--- Data for this task ---
::::::::::

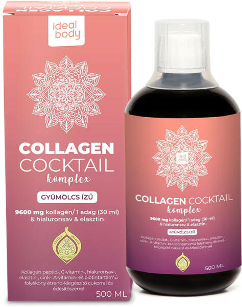COLLAGEN COCKTAIL komplex szépségápolási étrend- kiegészítő 9600 mg hidrolizált kollagénnel. Hialuronsavval , elasztinnal, A- és C- vitaminnal, biotinnal és cinkkel dúsított készítmény. Ízesítés: gyümölcsös Kiszerelés: 500ml Adagolás: A napi ajánlott adag 30 ml COLLAGEN COCKTAIL, mely 9 600 mg kollagén-peptidet tartalmaz. Összetevők: 9600 mg kollagén-peptid, hialurons
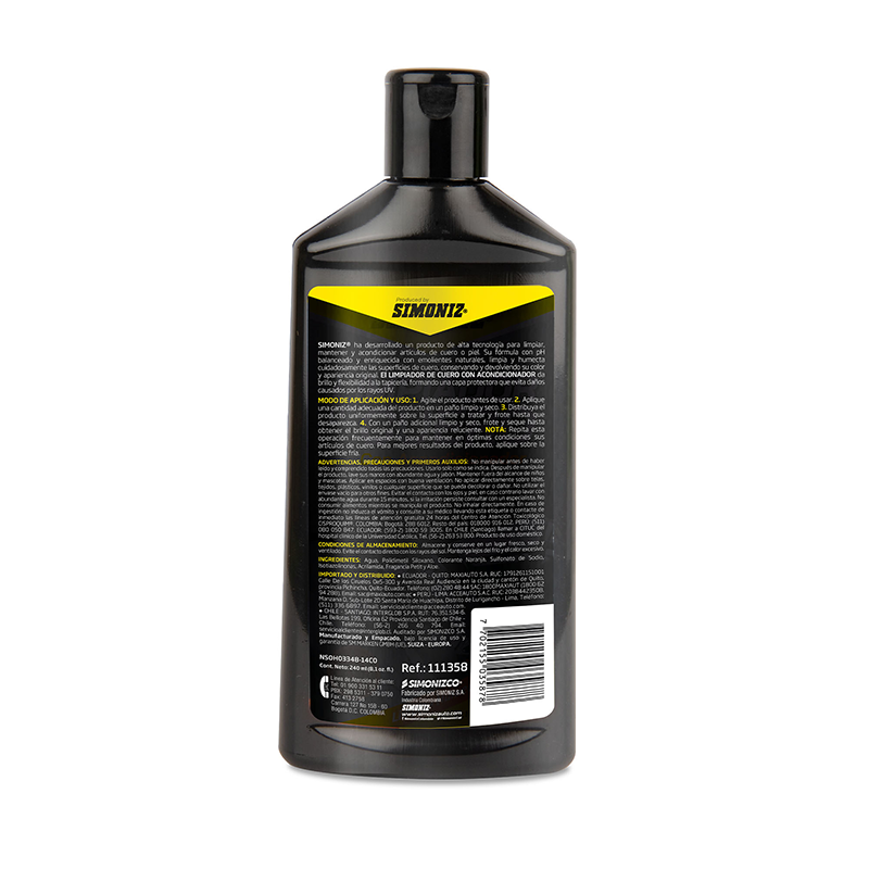 SIMONIZ® ha desarrollado un producto de alta tecnología para limpiar, mantener y acondicionar artículos de cuero o piel. Su fórmula con pH balanceado, limpia y humecta cuidadosamente las superficies de cuero conservando y devolviendo su color y apariencia original. El LIMPIADOR DE CUERO CON ACONDICIONADOR da brillo y flexibilidad a la tapicería, formando una capa protectora que evita daños causados por los rayos solares.
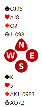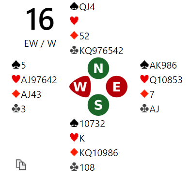 Den tyske nord åpnet, og øst meldte inn 1 spar. Deretter blåste N/S ut i 6 ruter.
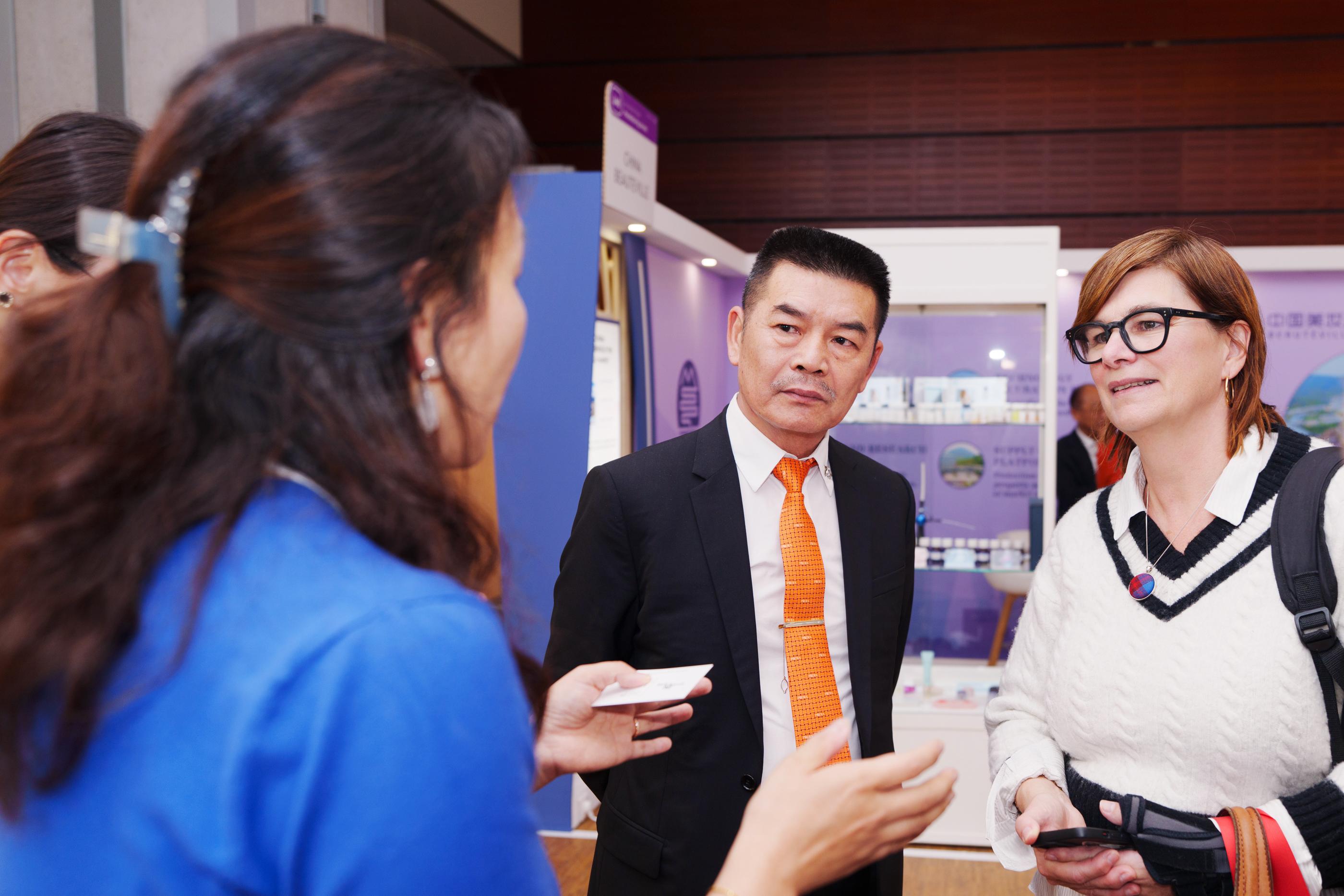 展位吸引了中国驻法大使邓励的莅临参观。邓励大使详细听取了企业在科研创新、国际化发展的情况,察看了三大品牌的产品,并与侯军呈就中国美妆行业发展情况进行了交流。
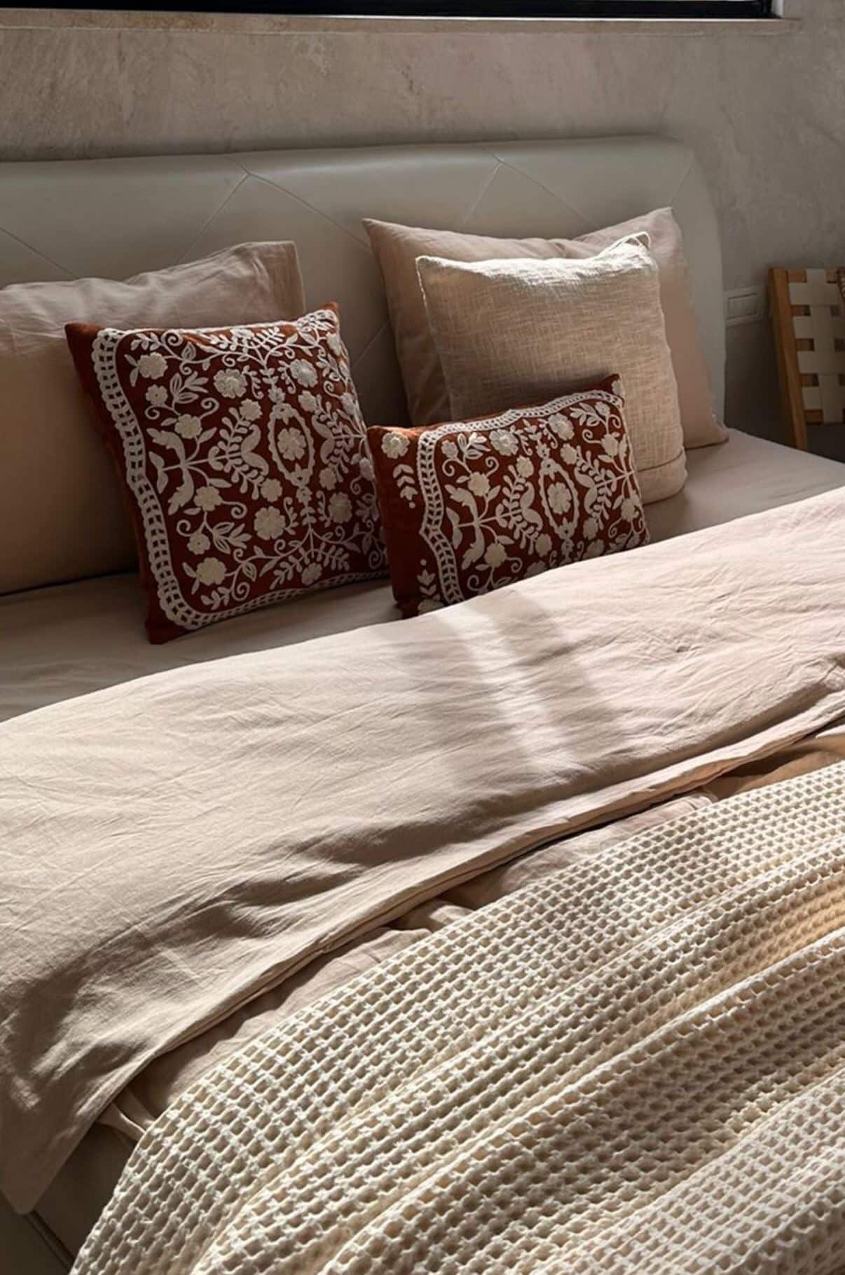 Blush pink linen bedding with two pillows and wrinkled sheets on a cozy bed in a minimalist bedroom
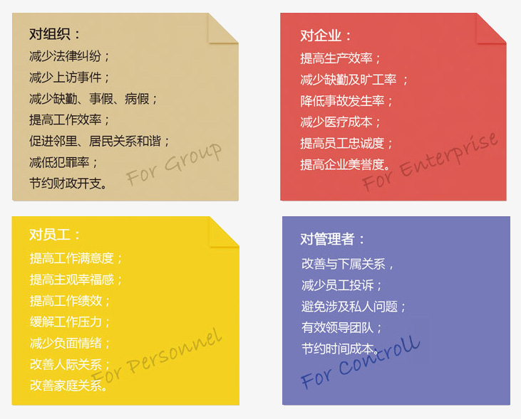 EAP(Employee Assistance Program)是通过专业人员对组织的诊断、建议和对员工及其家庭成员提供的专业指导、培训、咨询,帮助解决员工及其家庭成员的各种心理和行为问题,提高员工个人绩效和组织整体效能。
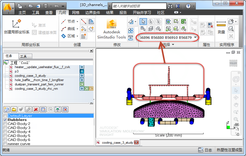 会为柱体单元指定识别标签“B”。当您选择柱体单元时,选择列表中会列出标识符(由字母 B 和其后面的数字组成)。
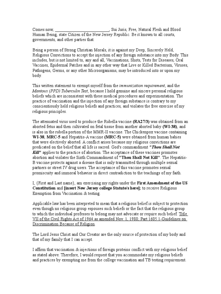 Following is a sample medical excuse letter that any reasonable physician should be able to sign, based upon the parents' assertion of a history of allergic reaction. Letter to religious leaders from pastor beas (pdf). • a letter from an authorized representative of the church, temple, religious institution, etc. Links provided to me the sample religious exemption letter that new human and appreciated! Religious exemption letter nj flu shot. A religious exemption does not exempt a child from any testing, examination, immunization, or treatment required under this chapter unless the objection is the written document, signed by the parent, must state that the objection to immunization is based on religious grounds. A religious exemption letter is a tool in which individual or group states the reason why they refrain to pay taxes or to comply with specific laws due to the main thing that you should remember when you are writing your exemption letter is to state the most crucial reason for why you should be exempted. Heav does not have sample letters for pastors or friends regarding the recognition of a parent's religious exemption, but we can provide some background information on the pastor is not required by law to publicly support home education for himself or his congregation in order to write a letter. Eight rabbis protect religious vaccine exemption (pdf). Its purpose is to establish the religious basis for your request since the state permits exemptions on the basis of a sincere religious belief. When a parent or guardian submits a written, signed request for exemption from mandatory immunization(s) due to religious beliefs, the statement should be accepted and the religious exemption granted. Assertion of religious exemption to vaccination. Rate the flu shot exemption letter sample.
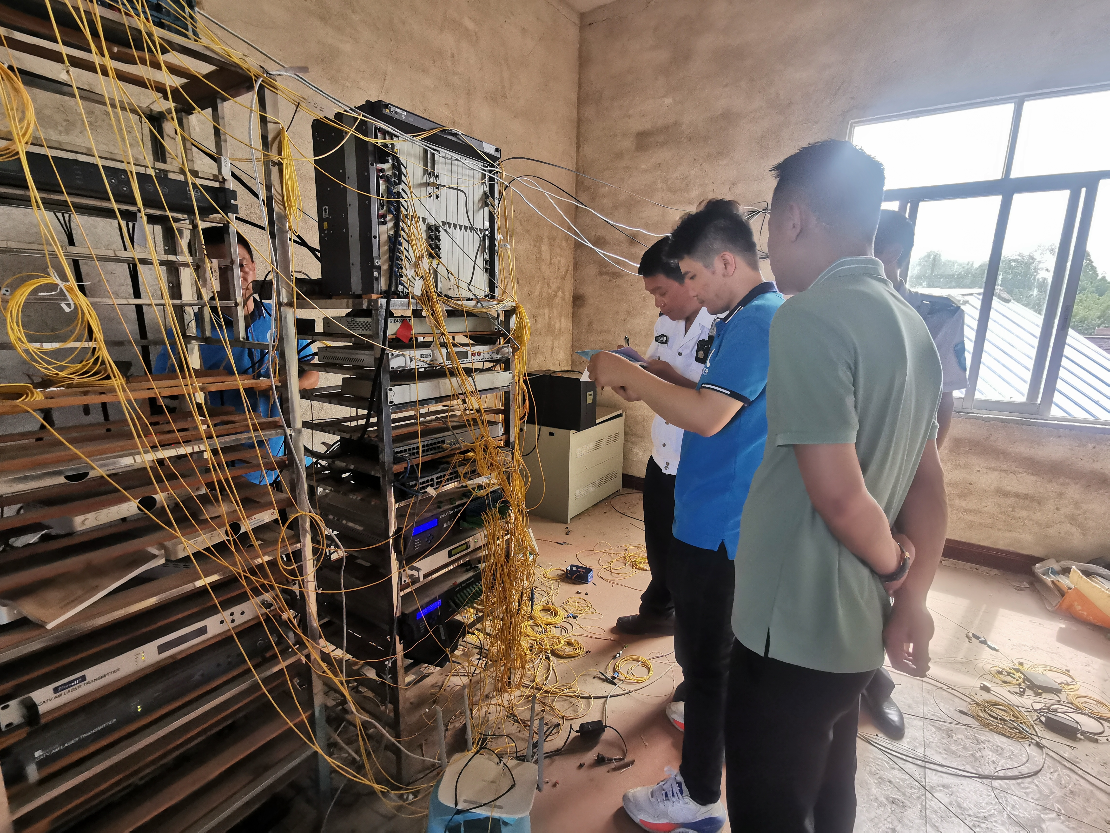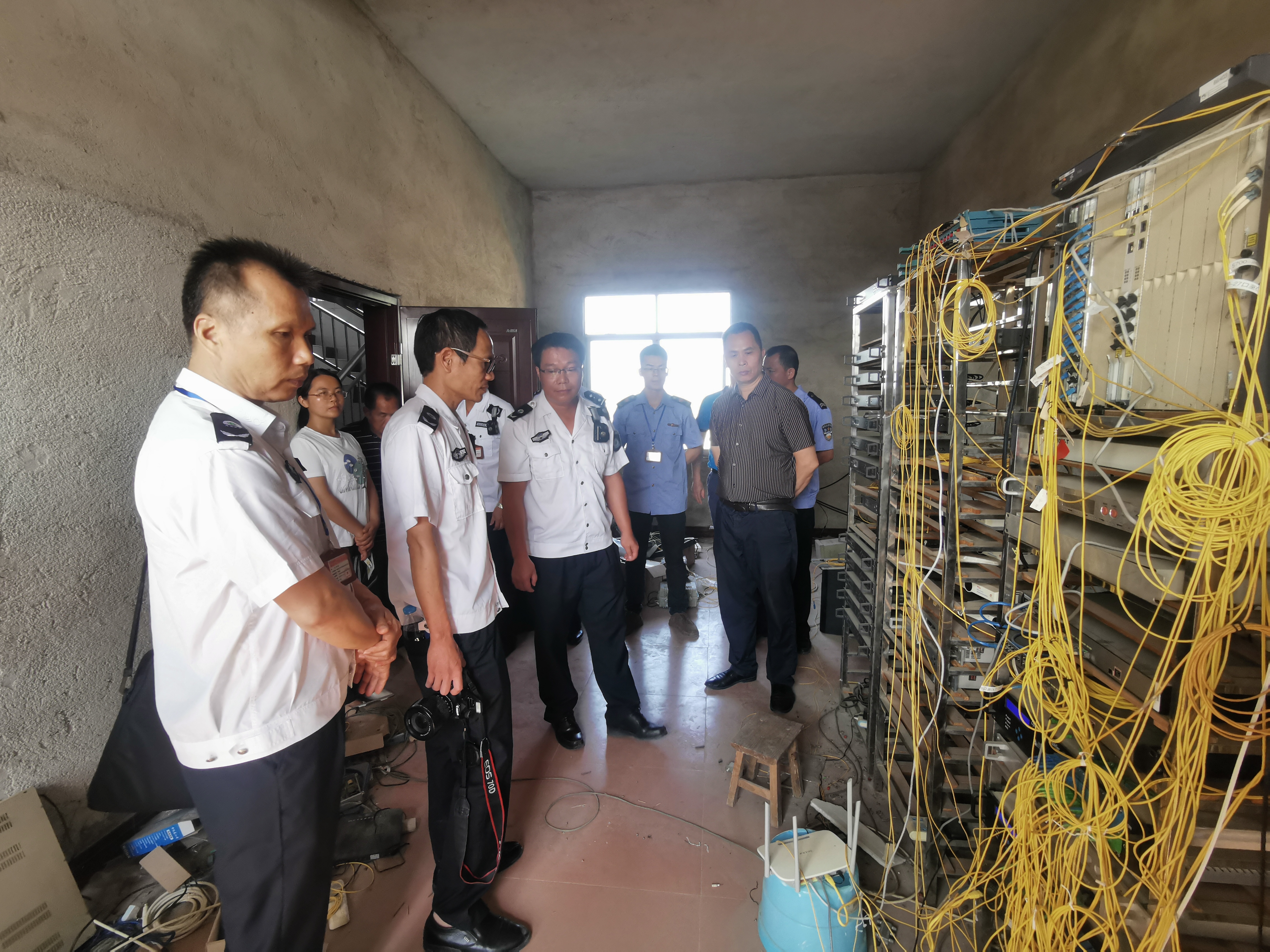 当天上午9时,来自各单位的整治人员集中黄村村委,交流协作、明确分工。随后在村干部的带领下前往黄某家中,向其详细说明“小片网”对国家政治、信息等方面的威胁,并协商进行取缔。在前端机房中,百合派出所警员严格维护现场秩序,市场监督管理所干部对私人“小片网”业主涉嫌无证经营行为进行调查,文化执法大队成员仔细检查机房设备并登记取证,依法进行整治。在多方的共同努力下,黄村“小片网”顺利完成取缔,涉及黄村、武留2个村委的用户约400户。
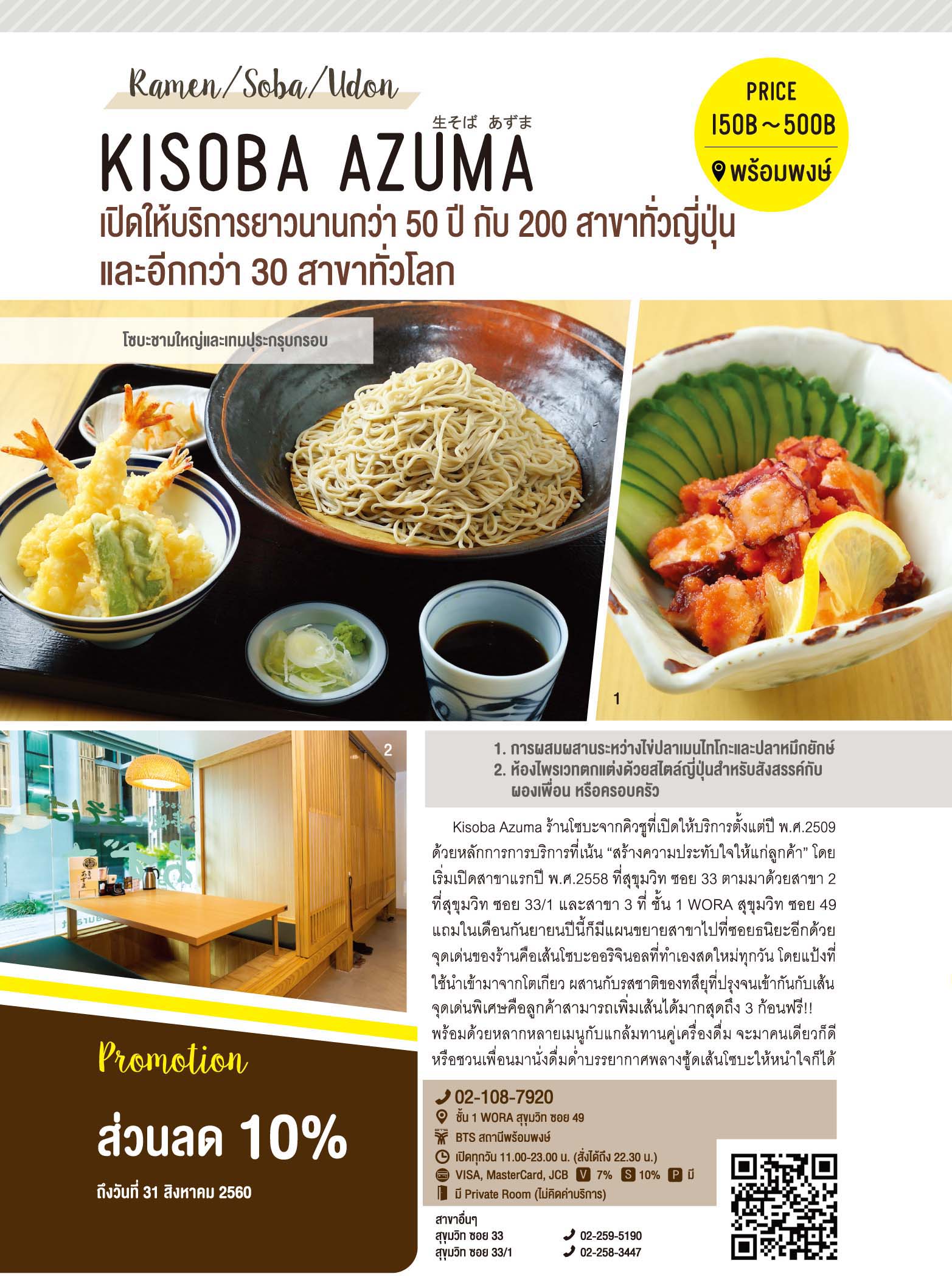Kisoba Azuma ร้านโซบะจากคิวชูที่เปิดให้บริการตั้งแต่ปี พ.ศ.2509 ด้วยหลักการการบริการที่เน้น “สร้างความประทับใจให้แก่ลูกค้า” โดยเริ่มเปิดสาขาแรกปี พ.ศ.2558 ที่สุขุมวิท ซอย 33 ตามมาด้วยสาขา 2
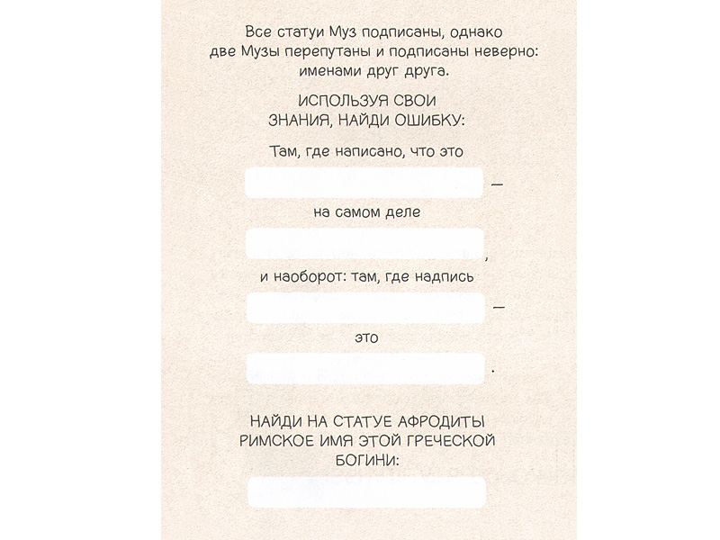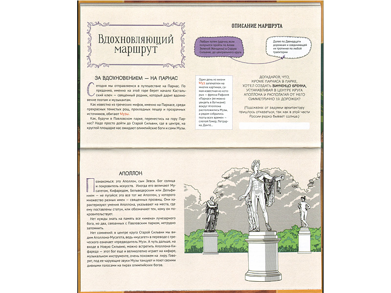 Путеводитель получился не только информационно насыщенным, но и игровым, я бы даже сказала, детективным. Внутри каждого маршрута обязательно есть таинственные обломки предметов или изображения и надписи, запрятанные в самых неожиданных местах и связанные с какой-то загадкой. Вот, например, что можно встретить на Вдохновляющем маршруте: «Все статуи Муз подписаны, однако две Музы перепутаны и подписаны неверно, именами друг друга. Используя свои знания, найди ошибку». Несколькими страницами ранее дети познакомились с «профессиональной специализацией» покровительниц наук и искусств, их аллегорическими символами, и теперь у них появляется замечательная возможность применить новые знания. Задачки такого типа обычно очень нравятся детям. Без путеводителя многие точно пробежали бы мимо, лишь мельком глянув на белых каменных тетенек в странных одеждах. А теперь не только остановятся, но и, скорее всего, запомнят.
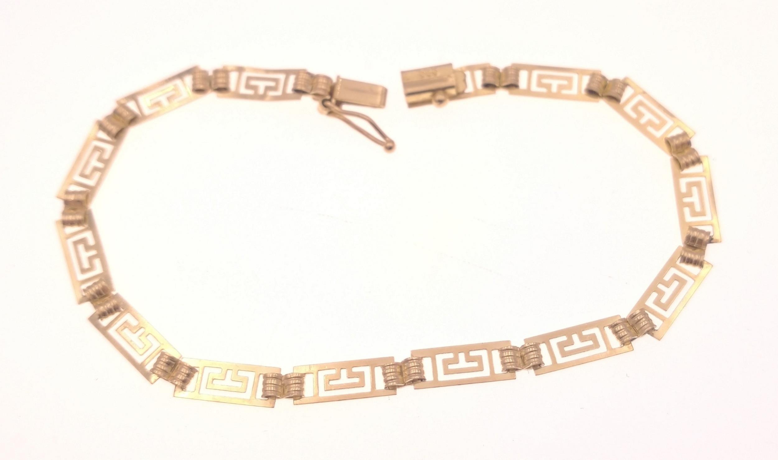 An attractive 19cm long Aztec key bracelet stamped 585, gross weight 4.0g

::::::::::

--- Work item ---
Output each line of the listing above, word for word, from the one holding "当天上午9时,来自各单位的整" through the last line, both included; omit the pictures.

--- Exercise result ---
 当天上午9时,来自各单位的整治人员集中黄村村委,交流协作、明确分工。随后在村干部的带领下前往黄某家中,向其详细说明“小片网”对国家政治、信息等方面的威胁,并协商进行取缔。在前端机房中,百合派出所警员严格维护现场秩序,市场监督管理所干部对私人“小片网”业主涉嫌无证经营行为进行调查,文化执法大队成员仔细检查机房设备并登记取证,依法进行整治。在多方的共同努力下,黄村“小片网”顺利完成取缔,涉及黄村、武留2个村委的用户约400户。
Kisoba Azuma ร้านโซบะจากคิวชูที่เปิดให้บริการตั้งแต่ปี พ.ศ.2509 ด้วยหลักการการบริการที่เน้น “สร้างความประทับใจให้แก่ลูกค้า” โดยเริ่มเปิดสาขาแรกปี พ.ศ.2558 ที่สุขุมวิท ซอย 33 ตามมาด้วยสาขา 2
 Путеводитель получился не только информационно насыщенным, но и игровым, я бы даже сказала, детективным. Внутри каждого маршрута обязательно есть таинственные обломки предметов или изображения и надписи, запрятанные в самых неожиданных местах и связанные с какой-то загадкой. Вот, например, что можно встретить на Вдохновляющем маршруте: «Все статуи Муз подписаны, однако две Музы перепутаны и подписаны неверно, именами друг друга. Используя свои знания, найди ошибку». Несколькими страницами ранее дети познакомились с «профессиональной специализацией» покровительниц наук и искусств, их аллегорическими символами, и теперь у них появляется замечательная возможность применить новые знания. Задачки такого типа обычно очень нравятся детям. Без путеводителя многие точно пробежали бы мимо, лишь мельком глянув на белых каменных тетенек в странных одеждах. А теперь не только остановятся, но и, скорее всего, запомнят.
 An attractive 19cm long Aztec key bracelet stamped 585, gross weight 4.0g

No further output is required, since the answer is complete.